Stored data:
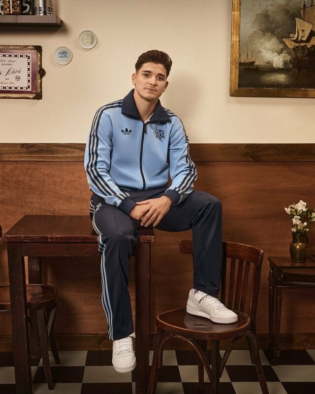 Além da camisa de jogo, a coleção também inclui quatro novos produtos: uma jaqueta celeste, com detalhes em azul marinho e um visual retrô, que traz novamente o logo “Trefoil” e o escudo da AFA; uma calça azul marinho com três listras em azul celeste, que combina com a jaqueta; e ainda uma linha casual com camiseta e shorts nas cores azul petróleo e celeste.
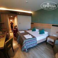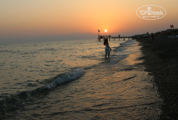 Добрый день, мы отдыхали в отеле с 2 по 13 сентября.Без проблем добрались до Турции,;нас встретили в Аэропорту и с комфортом довезли до отеля. В отеле сразу же получили ключи от номера,;молодой человек проводил нас туда с нашими чемоданами, он объяснил нам как пользоватьсясейфом, кондиционером и т.д.. От номера мы были в восторге, на столе стояла ваза с фруктами и бутылка красного вина. Новая красивая удобная мебель, шикарные люстры и лампы.Продуманна каждая мелочь. Всё выглядит дорого, очень удачно подобрана цветовая гамма, большой респект дизайнеру.Шикарная ванная комната, новый хороший фен , зеркало с увеличительным стеклом.Огромная стеклянная душевая кабина, белоснежные мягкие полотенца. В ванной комнате много всяких пузырьков, крем для бритья, бритва, зубная паста и щётка, банный халат и тапочки, ничего не нужно с собой брать. Уютный балкончик с видом на море, очень тихо. В холодильнике всегда стоит минеральная вода, фанта, кола и соки. В комнате два удобных огромных шкафа с зеркалами для вещей и красивый диванчик с журнальным столиком. Во всем отеле красивая декорация и огромная шикарная лестница перед входом в главный ресторан. В ресторане большое разнообразие еды, всё очень очень вкусно. Много разных напитков, как холодных ьак и горячих, разнообразие фруктов и сладостей, очень вкусные дыни и арбузы. Так же есть ресторанчик который открыт всю ночь. Там же же находится уголок для маленьких детей, где всё оборудованно под их рост.На территории отеля два бассейна, один с водными массажами где можно полежать в тишиге, а второй с горками, музыкой там же проходит гимнастика и развлекают аниматоры.. по всей территории отеля стоят холодильники с водой и айраном. К морю идет теннистая отеля и 40 градусовжары совсем не чувствуются. Большой чистый красивый пляж, там тоже есть ресторан и очень вкусная пицца. Можно покататься на лодках, банане, полетать на парашюте, поиграть в футбол, волейбол и другие игры. Что очень важно хороший велан на территории всего отеля. По понедельникам проходят пенные дискотеки с музыкой на море и в пятницу вечером в бассейне с цветомузыкой грилем и коктейлями. Очень очень весело. Большую часть отпуска мы провели на пляже, море чистое и тёплое.по вечерам анимации, всегда что то происходит, из отеля выходить совсем не хотелось. Персонал приветливый, всегда улыбаются, нас тепло встретили и тепло проводили, взвесили в отеле чемоданы и с комфортом отвезли в аэропорт. В целом было всё как в сказке, спасибо за прекрасный отдых
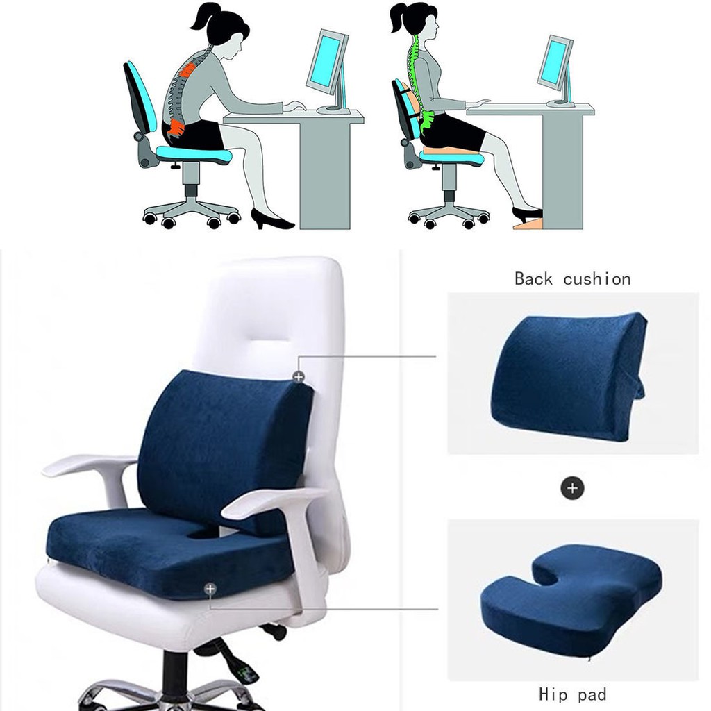 Thick Set Memory Foam Seat Cushion&Lumbar Breathable Relieve Back Pain Support For Home/Office

Problem statement:
Word-for-word repeat, images excluded: return all the data.

Exercise solution:
 Além da camisa de jogo, a coleção também inclui quatro novos produtos: uma jaqueta celeste, com detalhes em azul marinho e um visual retrô, que traz novamente o logo “Trefoil” e o escudo da AFA; uma calça azul marinho com três listras em azul celeste, que combina com a jaqueta; e ainda uma linha casual com camiseta e shorts nas cores azul petróleo e celeste.
 Добрый день, мы отдыхали в отеле с 2 по 13 сентября.Без проблем добрались до Турции,;нас встретили в Аэропорту и с комфортом довезли до отеля. В отеле сразу же получили ключи от номера,;молодой человек проводил нас туда с нашими чемоданами, он объяснил нам как пользоватьсясейфом, кондиционером и т.д.. От номера мы были в восторге, на столе стояла ваза с фруктами и бутылка красного вина. Новая красивая удобная мебель, шикарные люстры и лампы.Продуманна каждая мелочь. Всё выглядит дорого, очень удачно подобрана цветовая гамма, большой респект дизайнеру.Шикарная ванная комната, новый хороший фен , зеркало с увеличительным стеклом.Огромная стеклянная душевая кабина, белоснежные мягкие полотенца. В ванной комнате много всяких пузырьков, крем для бритья, бритва, зубная паста и щётка, банный халат и тапочки, ничего не нужно с собой брать. Уютный балкончик с видом на море, очень тихо. В холодильнике всегда стоит минеральная вода, фанта, кола и соки. В комнате два удобных огромных шкафа с зеркалами для вещей и красивый диванчик с журнальным столиком. Во всем отеле красивая декорация и огромная шикарная лестница перед входом в главный ресторан. В ресторане большое разнообразие еды, всё очень очень вкусно. Много разных напитков, как холодных ьак и горячих, разнообразие фруктов и сладостей, очень вкусные дыни и арбузы. Так же есть ресторанчик который открыт всю ночь. Там же же находится уголок для маленьких детей, где всё оборудованно под их рост.На территории отеля два бассейна, один с водными массажами где можно полежать в тишиге, а второй с горками, музыкой там же проходит гимнастика и развлекают аниматоры.. по всей территории отеля стоят холодильники с водой и айраном. К морю идет теннистая отеля и 40 градусовжары совсем не чувствуются. Большой чистый красивый пляж, там тоже есть ресторан и очень вкусная пицца. Можно покататься на лодках, банане, полетать на парашюте, поиграть в футбол, волейбол и другие игры. Что очень важно хороший велан на территории всего отеля. По понедельникам проходят пенные дискотеки с музыкой на море и в пятницу вечером в бассейне с цветомузыкой грилем и коктейлями. Очень очень весело. Большую часть отпуска мы провели на пляже, море чистое и тёплое.по вечерам анимации, всегда что то происходит, из отеля выходить совсем не хотелось. Персонал приветливый, всегда улыбаются, нас тепло встретили и тепло проводили, взвесили в отеле чемоданы и с комфортом отвезли в аэропорт. В целом было всё как в сказке, спасибо за прекрасный отдых
 Thick Set Memory Foam Seat Cushion&Lumbar Breathable Relieve Back Pain Support For Home/Office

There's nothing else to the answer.